Start of Dataset records

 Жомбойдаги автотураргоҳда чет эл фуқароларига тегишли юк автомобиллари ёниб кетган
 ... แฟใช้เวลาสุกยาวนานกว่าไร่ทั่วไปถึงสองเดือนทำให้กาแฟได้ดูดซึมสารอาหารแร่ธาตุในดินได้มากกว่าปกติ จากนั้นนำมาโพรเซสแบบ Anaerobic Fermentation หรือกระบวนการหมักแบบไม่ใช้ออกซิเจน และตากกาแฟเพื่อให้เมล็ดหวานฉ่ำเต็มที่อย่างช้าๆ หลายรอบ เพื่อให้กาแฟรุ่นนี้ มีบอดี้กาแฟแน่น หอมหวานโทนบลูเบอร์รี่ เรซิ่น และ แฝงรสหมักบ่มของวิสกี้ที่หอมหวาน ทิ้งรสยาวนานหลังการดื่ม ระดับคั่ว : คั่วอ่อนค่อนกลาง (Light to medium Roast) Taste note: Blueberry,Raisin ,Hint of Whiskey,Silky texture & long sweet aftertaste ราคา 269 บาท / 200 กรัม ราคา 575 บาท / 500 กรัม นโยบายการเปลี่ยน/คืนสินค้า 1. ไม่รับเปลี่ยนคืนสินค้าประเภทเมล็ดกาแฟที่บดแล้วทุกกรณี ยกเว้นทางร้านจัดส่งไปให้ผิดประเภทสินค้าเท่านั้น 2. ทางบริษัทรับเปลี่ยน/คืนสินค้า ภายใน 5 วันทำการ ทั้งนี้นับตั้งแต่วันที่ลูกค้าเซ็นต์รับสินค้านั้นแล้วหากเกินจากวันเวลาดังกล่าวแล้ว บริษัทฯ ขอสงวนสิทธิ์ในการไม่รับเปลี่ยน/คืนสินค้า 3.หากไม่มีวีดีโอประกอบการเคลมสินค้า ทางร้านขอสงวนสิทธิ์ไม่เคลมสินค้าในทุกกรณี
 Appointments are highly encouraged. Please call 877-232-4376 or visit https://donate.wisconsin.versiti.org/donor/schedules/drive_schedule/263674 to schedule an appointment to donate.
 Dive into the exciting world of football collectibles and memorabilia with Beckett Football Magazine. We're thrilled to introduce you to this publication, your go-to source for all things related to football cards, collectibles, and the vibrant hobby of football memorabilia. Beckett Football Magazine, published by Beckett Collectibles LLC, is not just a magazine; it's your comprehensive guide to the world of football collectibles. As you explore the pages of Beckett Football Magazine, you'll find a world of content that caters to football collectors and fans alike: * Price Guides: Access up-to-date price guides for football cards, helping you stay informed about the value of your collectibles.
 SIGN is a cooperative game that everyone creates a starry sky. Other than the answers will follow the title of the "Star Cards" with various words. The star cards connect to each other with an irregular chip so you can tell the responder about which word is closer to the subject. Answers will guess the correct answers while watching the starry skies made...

End of Dataset records
Start of Dataset records

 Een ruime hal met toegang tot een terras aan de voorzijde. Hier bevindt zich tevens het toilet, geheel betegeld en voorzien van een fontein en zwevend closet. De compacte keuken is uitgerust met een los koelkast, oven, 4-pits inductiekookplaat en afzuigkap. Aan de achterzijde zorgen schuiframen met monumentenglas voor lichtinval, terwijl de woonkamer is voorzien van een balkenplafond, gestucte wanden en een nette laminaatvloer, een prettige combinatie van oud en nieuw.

End of Dataset records

## Task item
Copy, exactly and only, the lines above that begin with the one containing "Жомбойдаги автотураргоҳда чет" and finish with the one containing "Dive into the".

## Answer below
 Жомбойдаги автотураргоҳда чет эл фуқароларига тегишли юк автомобиллари ёниб кетган
 ... แฟใช้เวลาสุกยาวนานกว่าไร่ทั่วไปถึงสองเดือนทำให้กาแฟได้ดูดซึมสารอาหารแร่ธาตุในดินได้มากกว่าปกติ จากนั้นนำมาโพรเซสแบบ Anaerobic Fermentation หรือกระบวนการหมักแบบไม่ใช้ออกซิเจน และตากกาแฟเพื่อให้เมล็ดหวานฉ่ำเต็มที่อย่างช้าๆ หลายรอบ เพื่อให้กาแฟรุ่นนี้ มีบอดี้กาแฟแน่น หอมหวานโทนบลูเบอร์รี่ เรซิ่น และ แฝงรสหมักบ่มของวิสกี้ที่หอมหวาน ทิ้งรสยาวนานหลังการดื่ม ระดับคั่ว : คั่วอ่อนค่อนกลาง (Light to medium Roast) Taste note: Blueberry,Raisin ,Hint of Whiskey,Silky texture & long sweet aftertaste ราคา 269 บาท / 200 กรัม ราคา 575 บาท / 500 กรัม นโยบายการเปลี่ยน/คืนสินค้า 1. ไม่รับเปลี่ยนคืนสินค้าประเภทเมล็ดกาแฟที่บดแล้วทุกกรณี ยกเว้นทางร้านจัดส่งไปให้ผิดประเภทสินค้าเท่านั้น 2. ทางบริษัทรับเปลี่ยน/คืนสินค้า ภายใน 5 วันทำการ ทั้งนี้นับตั้งแต่วันที่ลูกค้าเซ็นต์รับสินค้านั้นแล้วหากเกินจากวันเวลาดังกล่าวแล้ว บริษัทฯ ขอสงวนสิทธิ์ในการไม่รับเปลี่ยน/คืนสินค้า 3.หากไม่มีวีดีโอประกอบการเคลมสินค้า ทางร้านขอสงวนสิทธิ์ไม่เคลมสินค้าในทุกกรณี
 Appointments are highly encouraged. Please call 877-232-4376 or visit https://donate.wisconsin.versiti.org/donor/schedules/drive_schedule/263674 to schedule an appointment to donate.
 Dive into the exciting world of football collectibles and memorabilia with Beckett Football Magazine. We're thrilled to introduce you to this publication, your go-to source for all things related to football cards, collectibles, and the vibrant hobby of football memorabilia. Beckett Football Magazine, published by Beckett Collectibles LLC, is not just a magazine; it's your comprehensive guide to the world of football collectibles. As you explore the pages of Beckett Football Magazine, you'll find a world of content that caters to football collectors and fans alike: * Price Guides: Access up-to-date price guides for football cards, helping you stay informed about the value of your collectibles.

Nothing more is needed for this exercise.